While we demonstrated that stable fitness variation increases the rate of adaptation of a population in a specific fitness landscape topology (fitness valleys), this type of heterogeneity also has important consequences that affect evolution through other fitness landscapes. One immediate consequence of the observed increased fixation probability of weakly deleterious mutations is an increased deleterious mutational load. These deleterious mutations may potentiate further adaptation by acting as intermediate stages in fitness valleys but may also lower the overall population fitness. Furthermore, just as background fitness variation reduces the strength of selection against deleterious mutations, it also reduces the strength of selection for weakly beneficial mutations, possibly hindering adaptation. These effects may influence the way heterogeneous populations move through fitness landscapes. Therefore, further theoretical and experimental studies on more general fitness landscapes are warranted and will lead to additional insight into the consequences of non-genetic sources of inter-individual fitness variation.

Methods

Computational evolutionary model with fitness variation

Our model is a variation of the standard Moran model of evolutionary dynamics that describes fitness valley crossing with different amounts of fitness variation that persist over one or more generations. In the Moran model, S₀, S₁, and S₂ denote the initial, intermediate, and final evolutionary stages (or ‘types’ of individuals), respectively. The process initiates with a population of N asexually reproducing S₀ individuals. At every elementary time step, one individual is chosen to reproduce randomly with a probability that is proportional to its fitness. Another individual is chosen at random to die. The reproducing individual (‘mother’) gives rise to two daughters; one daughter replaces the mother, and the other replaces the dead individual, so that the total population size remains constant at all times. When dividing, one daughter may mutate to the next evolutionary stage with probability u₁ if the mother is S₀ and u₂ if the mother is S₁. No back mutation is permitted. The process continues until S₂ fixation is achieved or for T_max elementary steps, whichever comes first.
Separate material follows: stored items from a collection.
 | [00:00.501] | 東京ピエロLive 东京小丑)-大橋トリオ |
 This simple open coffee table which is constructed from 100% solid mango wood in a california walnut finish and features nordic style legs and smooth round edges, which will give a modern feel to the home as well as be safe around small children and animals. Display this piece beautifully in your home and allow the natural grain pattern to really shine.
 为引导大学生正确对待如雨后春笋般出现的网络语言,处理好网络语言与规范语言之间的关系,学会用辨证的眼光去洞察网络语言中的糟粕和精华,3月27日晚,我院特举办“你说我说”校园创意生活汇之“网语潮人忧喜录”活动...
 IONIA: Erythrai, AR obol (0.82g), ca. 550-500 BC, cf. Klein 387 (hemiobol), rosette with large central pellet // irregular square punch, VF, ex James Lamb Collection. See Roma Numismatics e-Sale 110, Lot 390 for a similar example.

Here, we refer to the simplest model where all individuals of the same evolutionary stage have the same fitness as the “zero-variance” model. We compared this zero-variance model with a Moran model that incorporates fitness variation within evolutionary stages. In this new model, fitness variation within stages is caused by stochastic alterations in fitness that occur with every reproductive event. These alterations are described by a distribution of fitness effects that defines the probability of acquiring an alteration with a given fitness effect, and an effect lifetime τ that specifies the number of generations for which each alteration is inherited.
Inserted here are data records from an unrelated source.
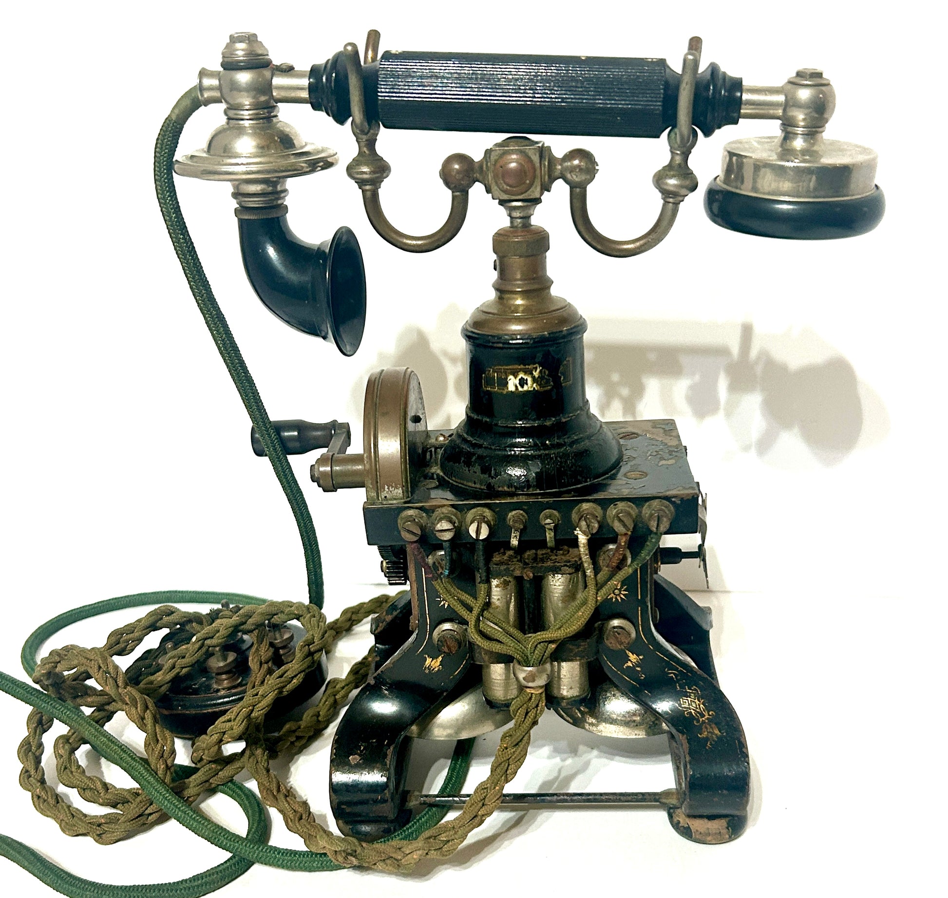ANTIQUE EIFFEL TOWER TELEPHONE ALL ORIGINAL WITH CORDS 12" TALL X 6 1/2" WIDE. SHIPPING IS EXTRA SO CALL OR TEXT TO FIND OUT HOW MUCH SHIPPING WILL COST
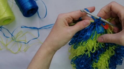 Вяжем Мочалку из вытянутых петель по спирале
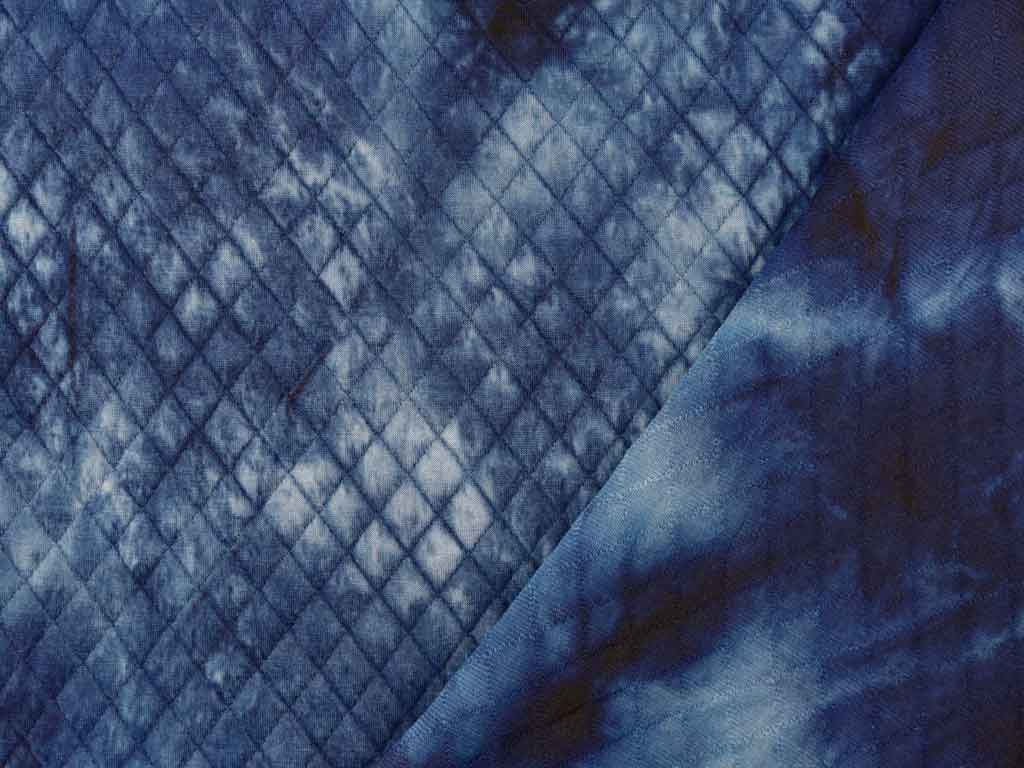Ein dunkelblauer, zweilagiger Jersey im Batiklook, durchgesteppt in Rautenform. Der Stoff hat einen weichen Griff.

More specifically, let a particular individual in a population have absolute fitness w_i after its ith reproduction. This fitness

$$w_i = r_j\mathop {\prod }\limits_{k = i - \tau + 1}^i m_k$$

is the product of an evolutionary stage-specific fitness effect r_j for a stage-j individual and one or more stochastically acquired fitness alterations m_k. The values r_j (which have the value r₀ for initial-stage individuals, r₁ for intermediate-stage individuals, and r₂ for final-stage individuals; r₂ > r₀ > r₁) define the depth of the fitness valley. For simplicity, r₀ is set to 1 for the entire study. The fitness alterations m_k are drawn at each reproductive event k from a fitness effect distribution F with mean 1 and variance V. Mothers pass on the same value of the fitness alteration m_k to both of their daughters at reproduction k to recapitulate the high interdivision time correlations between sister cells observed in single cell experiments³. Each fitness alteration persists through exactly τ reproductive events, including the reproductive event that generated that alteration. Therefore, when τ = 1, fitness alterations are not passed down to subsequent generations. In this case, during each reproduction event, a new fitness for the dividing cell is selected according to F, and the steady-state relative fitness distribution of a population of a single evolutionary is equivalent to F. Conversely, as τ goes to infinity, fitness alterations are permanent. The zero-variance model both represents the limit as τ goes to 0 and the limit as V goes to 0.

All fitness modifications are modeled on the multiplicative scale (i.e., as a percent change in fitness, rather than an addition or subtraction) to ensure that the relative fitness advantage or penalty associated with a mutation does not change as the absolute population mean fitness drifts upward in populations with long τ. However, our results also hold when the fitness modifications are modeled on an additive scale (Supplementary Figure 9); the disadvantage of this approach is that the fitness penalties and bonuses associated with a mutation diminish as the overall fitness of the population grows.

In most of our simulations, all sources of non-genetic fitness changes that occur during a single reproduction create a single fitness alteration with one combined fitness effect and a deterministic lifetime. However, in Supplementary Figure 7, each non-genetic fitness alteration that occurs during reproduction is modeled as a separate event. In this modified version of the model, a Poisson-distributed number of these events occurs during reproduction, with an average of one event occurring per reproduction. During subsequent generations, each individual alteration has a fixed probability of reversion, leading to fitness effect lifetimes that are geometrically distributed. Simulations of this evolutionary model are parameterized by the expected fitness effect lifetime τ.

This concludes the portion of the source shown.